Андрей Христофорович хотел было запротестовать, потребовать объяснений, спросить, какие его грехи имеет в виду уважаемый товарищ Шувалов. Но его охватило физическое изнеможение, он даже почувствовал тошноту.
В молчании они добрались до угла, и Шувалов объявил:
— Вот я и дома. До свиданья, Андрей Христофорович! Советую: горяченького чайку и баиньки. Привет вашей супруге.
Глава многочисленной семьи, Иван Евменьевич не допускал, что человек его примерно возраста живет один. Ногтев, услышав этот привет жене, дико, почти с ужасом взглянул на Шувалова.
...Девочки-одноклассницы проводили Глеба и Дашу до остановки троллейбуса, а сами побежали на метро. Глеб молча озирался, как бы не зная, куда сейчас направиться.
— Ты очень устал, да? — подождав, сказала Даша. — Измучился?
Самой ей хотелось смеяться, танцевать, пойти куда-нибудь, где светло, шумно, празднично.
— Устал?.. Наверно... — отозвался Глеб. — Да нет, ничего.

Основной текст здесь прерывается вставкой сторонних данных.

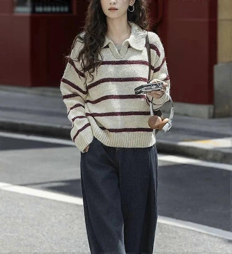 Retro Red Striped Loose Fit Pullover Knitwear Short Style Turn-down Collar Women's Fashion Autumn New Arrival Versatile Sweater

— Что с тобой? — спросила она.
— Знаешь... — Он откинул голову и прикрыл веками глаза. — Мне хочется поклясться в вечном служении... принести присягу...
— Какую? Кому? — Даша изумилась.
Он не услышал; взглянув на нее, он вдруг спросил:
— Ты приедешь зимой к нам? Ты же обещала приехать?
Даша давно ждала этого вопроса, и ее «конечно, приеду» было давно приготовлено, но сейчас что-то воспротивилось в ней. Слишком много отдала уже она Глебу волнений, забот, мечтаний, от многого отказывалась ради него, и теперь, когда тучи над ними рассеялись, он мог бы, кажется, что-то сделать и для нее, хотя бы выказать к тому готовность.
— В сущности, теперь ты можешь и не уезжать, — сказала она. — Никто не станет тебе больше портить жизнь.
— Вот именно: никто, кроме, кроме... Пойдем, что же мы стоим?..
Они медленно двинулись к следующей остановке троллейбуса. Вдоль тротуаров еще струились проворные ручьи, воздух был наполнен влагой, все вокруг лучилось и блестело: асфальт, витрины магазинов, мокрые плащи пешеходов, машины... И Глеб заговорил:
— Знаешь, у меня такое чувство, точно бога не было, точно он умер и вдруг оказалось — он жив...
— Что с тобой? — повторила Даша.
— Ну да... То есть я опять знаю, для чего я живу и ты... Ты, может быть, только не догадываешься еще.
— Ты знаешь, для чего я живу? — как бы обиделась она.
— Знаю... — Он повел головой, показывая на улицу, на дома, на людей, что шли рядом, обгоняли или шли навстречу. — Ты понимаешь, произошло невероятное!.. Вот они собрались сегодня на суд. И каждый из них пережил в своей жизни такое!.. Каждый перенес невероятное! И все вместе они совершили своей жизнью чудо. И все вместе они и есть бог — люди, народ... И они — они поверили мне... а, собственно, я ведь еще ничего... Так, одно только предположение, только надежда... И если б я мог принести сейчас присягу...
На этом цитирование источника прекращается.